So what about the floor?
is he wrong too?
So what about the floor?
is he wrong too?
If he heard the whole story then absolutely. But honestly there is almost no chance he did. Floors want everything to smoothly and no weirdness so they will always give the answer that best suits that to a question. So if you ask one of them if you can use thumbs up as your raise they will all so no because the last thing they want to do is start that trend. Buuuuut, if you tell one of them it happened, the dealer called it out, and seven people folded based on that info, well then yes Larry it is a raise. I was going nuts earliar but then I realized how it made sense. If Druff comes back and says that the dealer explained every detail of the hand to the floor I will go nuts again.
It's where the poker kitchen used to be.Quote:
Brittney Griner's Clit: Where the fuck is the Miranda room?
I am not usually a "rules asshole" at the table, and tend to let small things go, even if I can use the rule to angle a favorable position for myself.
This one was an exception, because it was Phil Hellmuth. Between his treatment of people at the table and his UB ownership/representation, I didn't mind rule angling him.
I also wasn't looking to screw the other 7 who folded in front of me. When it came to my BB decision, that's when it dawned on me that perhaps the "thumbs up" motion wasn't an official raise.
You want to hear rule angling?
On Day 6 of the 2010 Main Fucking Event, I accidentally folded my BB face up because I didn't see someone had called, and thought the hand was over. Nobody cared. Except Tristan Wade, who piped up, "Wait! That's a penalty! That needs to be a penalty."
I explained to Tristan that I just missed seeing the chips across the table calling the bet (the WSOP felts tend to be busy with ads), and honestly thought the hand was over. He held steady and said, "We need to go by the rules."
The floor issued me a 20-minute penalty -- shortstacked on Day 6 of the Main!
I was furious. Later, Tristan apologized when I called him out on Twitter and on Donkdown (I gave it to him at the table for this, too), but I don't know if the apology was sincere. He and I didn't know each other prior to this, so it wasn't about history.
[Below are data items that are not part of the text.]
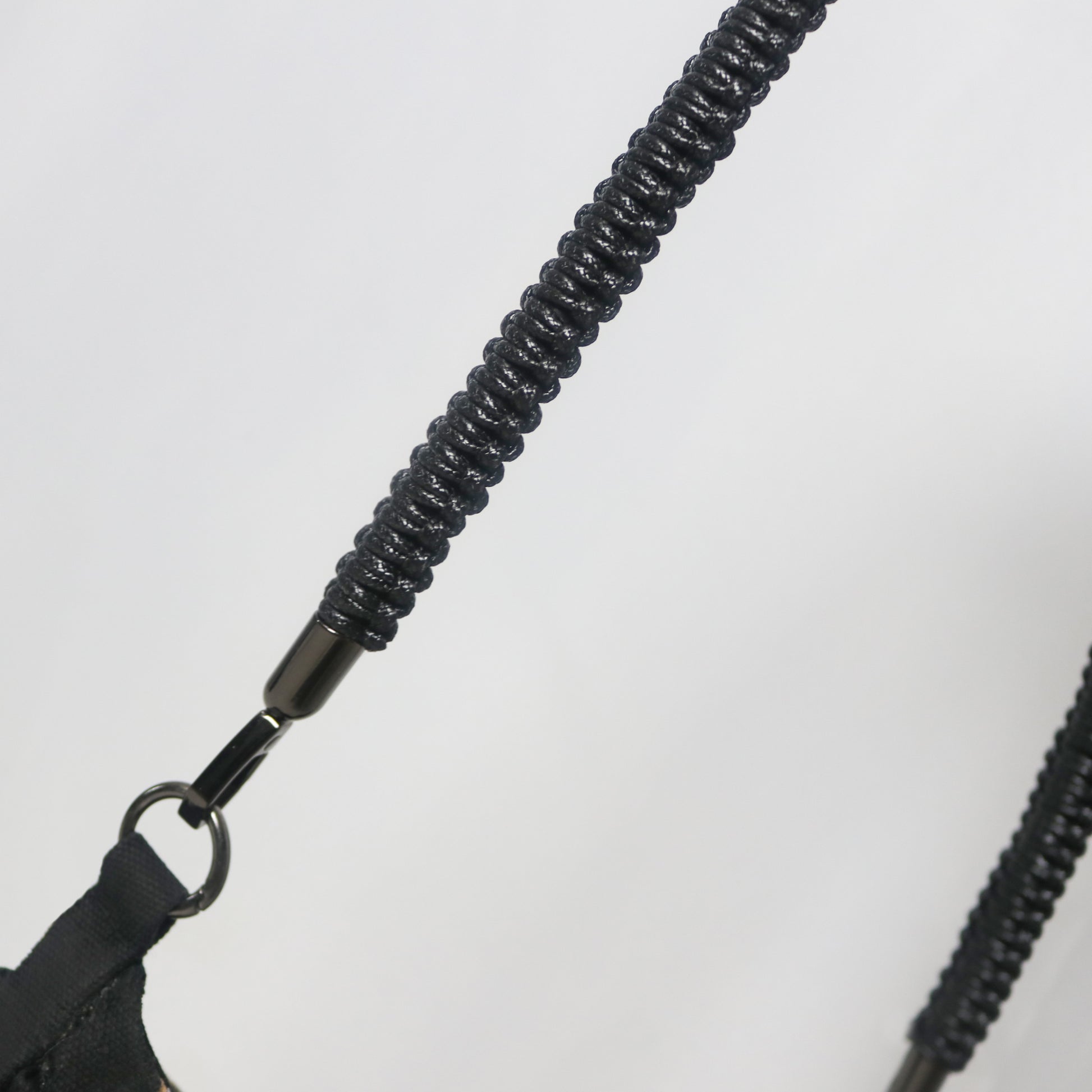 Features: black; canvas; graphic print to the front and back; top zip closure; braided shoulder strap; removable & wearable navel ring charms.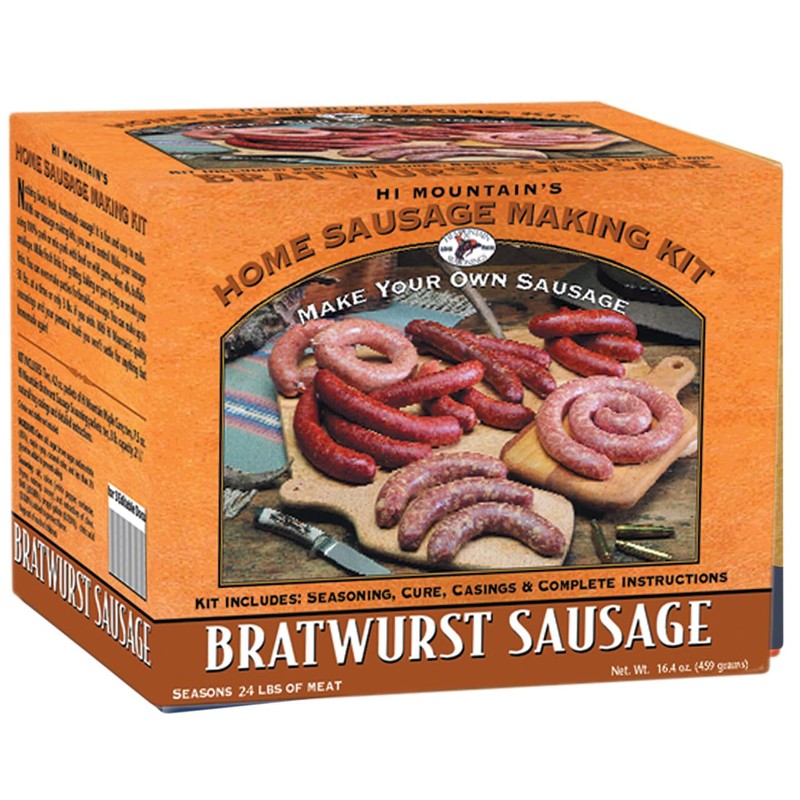Hi Mountain Seasonings ǀ BRATWURST Sausage Making Kit ǀ Includes Sausage Seasoning, Cure, Natural Hog Casings, and Simple-to-Follow Directions ǀ Creates 24 lbs of Delicious Bratwurst Sausage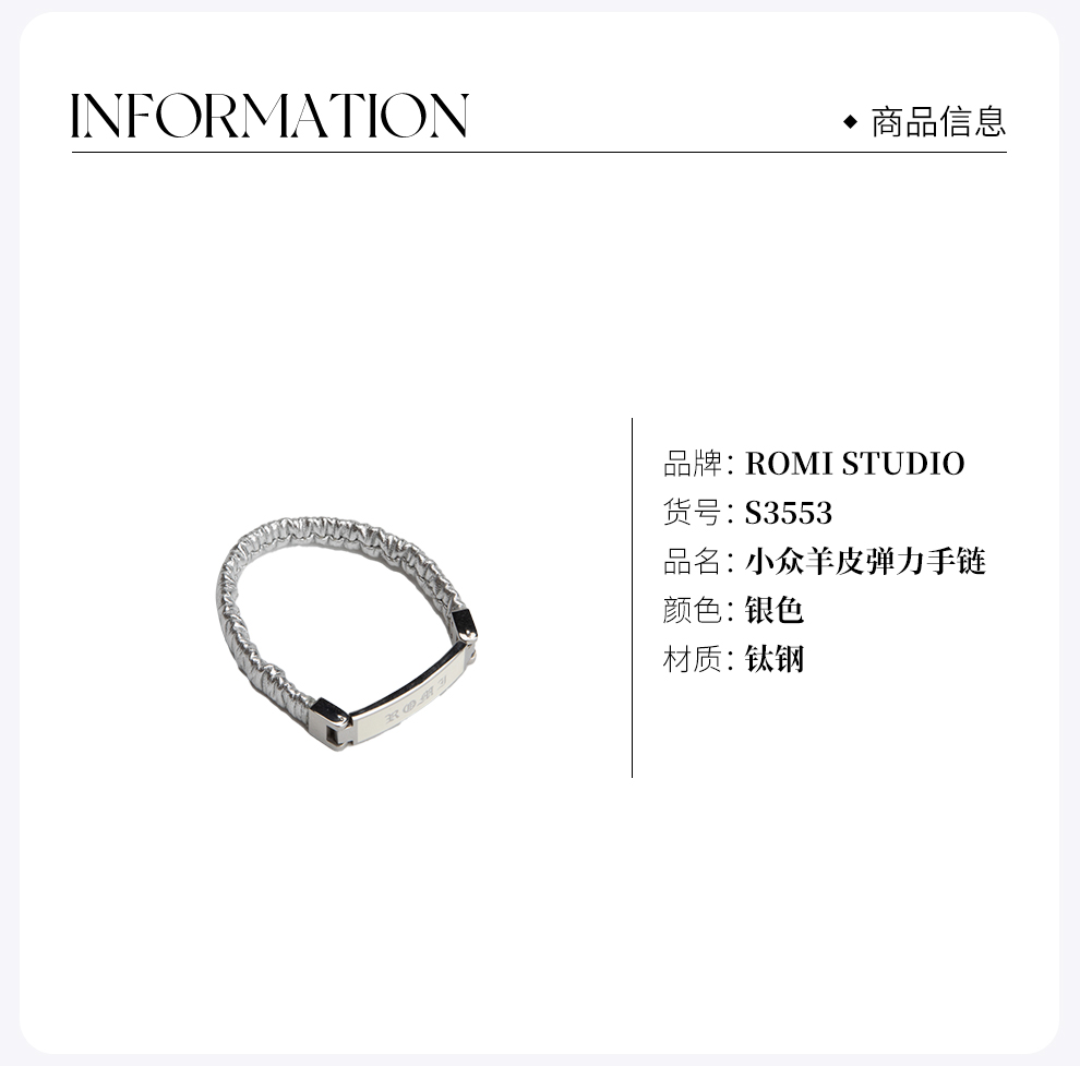 ROMI STUDIO 钛钢手链 “简约百搭”小众设计字母羊皮弹力手链S3553

Oddly, this EXACT scenario happened with Theo Tran minutes earlier across the room, and he also got a penalty.
the real money is the Parko thumbs up gif but this one at least gets our point across.
Druff we don't care about the 2010 Main Event.
We care about you winning the Limit Tourney you're on Day 2 of.
ok so im clear here....
PH never stole any money yeah?
also, re: the stuff he does at the tables....
I do recall him buying an entire table AN ice cream cup.
Humberto been doing that move since i was a toddler
https://www.youtube.com/watch?v=uysDWcrNz6Y
Instead of taking a river phone call can we get Brandon to call Phil again? Hopefully he's not at Best Buy with his son again and completely available for a random interview
o/u post 97 Tyde coming in and blowing this thing to smithereens
Is Druff at like a coast to the money stack or does he have to win a few hands today. Not like he would play extremely scared to bubble but you know what I mean. The reason I ask is that I feel poor Jsearles forum life depends on a cash here.
So is it a wsop rule that all raises have to be verbalized? If he would have thrown out two 500 chips instead of a single 1k chip would that have constituted a raise?
In most cash games I've played one chip is always a call unless raise is verbalized, but if you put out multiple chips in the amount of a legal raise, it's always a raise even if it's accidental.